Глава 38 Ночью, измученная дневными волнениями, чувством вины и тревожными мыслями, сплю, как убитая, но просыпаюсь ровно в тот же час, что и каждое утро. К моему глубокому удивлению, Рейнхарда уже и след простыл, хотя эти несколько дней мы всегда завтракали вместе. Только примятая подушка и скомканное покрывало свидетельствуют о том, что со мной ночевал еще кто-то.
Что послужило причиной такого внезапного ухода герра канцлера? Разговор с Дитрихом? Воспоминания о Николь? Или нежелание находится рядом с “взрывоопасным веществом”? Последняя причина отчего-то ранит глубже остальных.
Позволяю себе пока поваляться в постели, ожидая появления Лизхен, и прогоняю еще раз последовательность действий побега.
Мне нужно, чтоб было все идеально, иначе и затевать эту аферу не следует.
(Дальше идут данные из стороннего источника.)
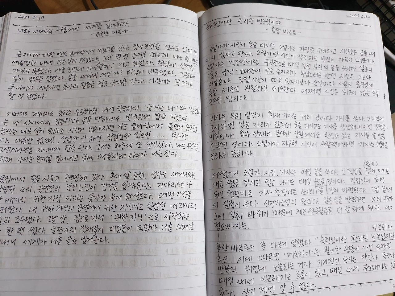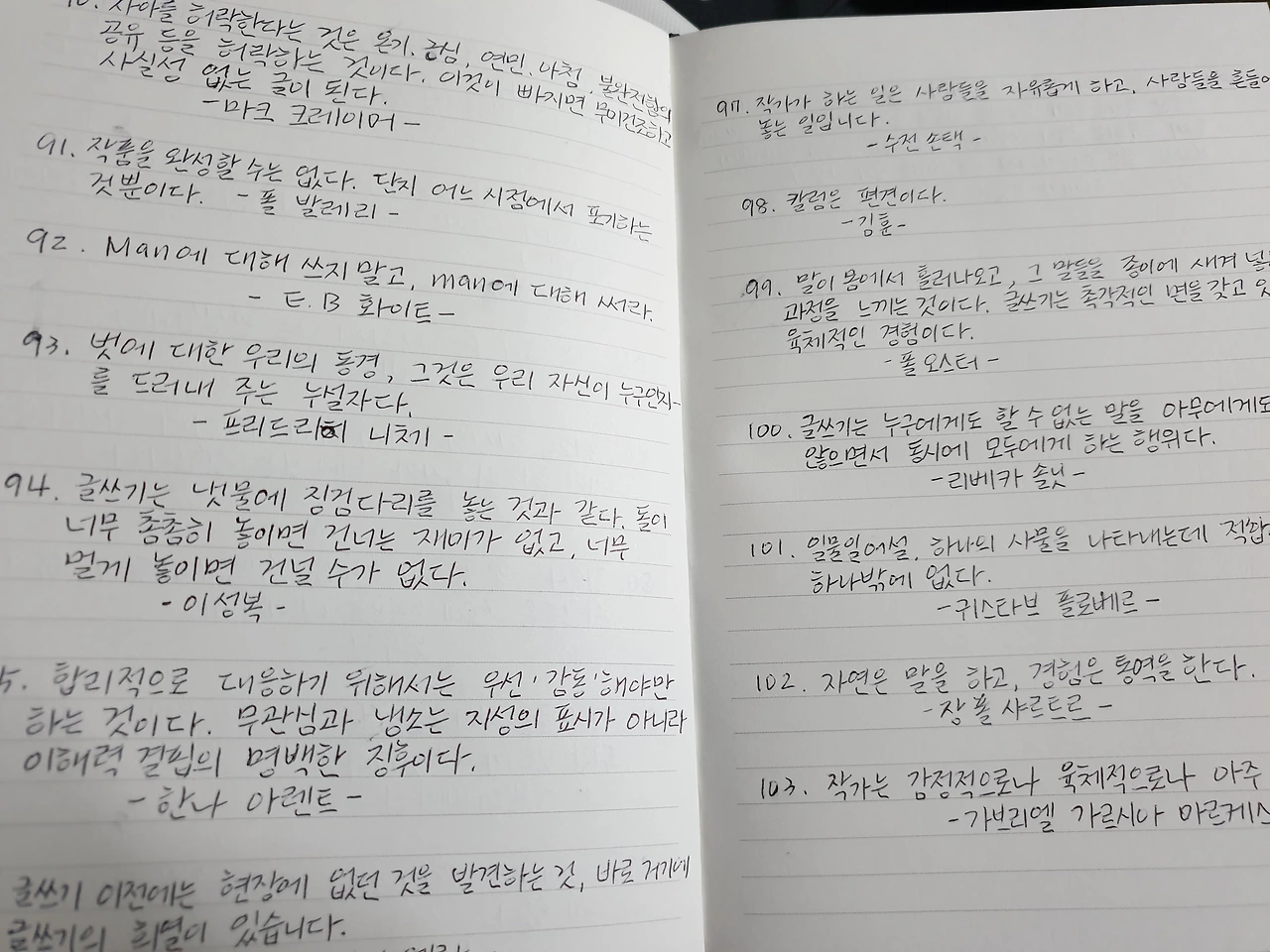 글쓰기에는 어떤 것도 운 좋게 찾아오지 않는다. 글쓰기는 어떠한 속임수도 허용하지 않는다. ......모든 문장은 기나긴 수련의 결과이다.

Кроме того, в моем, во всех отношениях гениальном, плане существует единственный, но огромный пробел – мне пока неизвестно, почему все засыпают, когда я превращаюсь в лису. В том, что эти два события неразрывно связаны, сомнения не возникают, как и то, что я причастна к этому явлению. Но... одно большое “Но” – как мне удается наслать сей дивный волшебный сон? Кто я вообще? Что я? Откуда это у меня?
Впрочем, с последними вопросами можно и попозже разобраться, главное выбраться из замка и помахать герру канцлеру на прощание, за неимением ручки, хвостом.
Лизхен сегодня немного запаздывает, что на нее совершенно не похоже, и я беспокойно поглядываю на часы. Отлеживать бока в кровати уже порядком надоело, тем более – что было нужно обдумано, а новое не придумано – и я, было, решаю встать, но, в этот момент в дверь робко стучат. А затем в небольшую щель между косяком и створкой просовывается милое румяное личико настолько молоденькой девушки, что я всерьез задумываюсь, позволительно ли труд таких детей эксплуатировать.
– Доброе утро, фройляйн, – робко пищит она и, уже полностью переступив порог, делает умелый книксен. При этом ее каштановые кудри, выбившиеся из-под чепца, задорно подпрыгивают, как маленькие пружинки. – Меня зовут Бруна. Фрау Лизхен приболела, и я буду ее заменять.
Окидываю изумленным взглядом этого ребенка, невольно прикидывая, сможет ли такой вот неожиданный поворот в моем довольно-таки рутинном графике существенно повлиять на план побега.
– Здравствуй, Бруна, – по привычке приветливо улыбаюсь. Скромная служанка, сверкнув покрасневшими круглыми щечками, дарит в ответ такую же улыбку, только в разы искреннее. И я замечаю, что два передних зуба у нее чуть крупнее остальных, что, впрочем, совершенно не портит девушку, лишь придает ее внешности некоторую изюминку.
– Вам подать завтрак в постель? – интересуется она, спеша приступить к своим обязанностям.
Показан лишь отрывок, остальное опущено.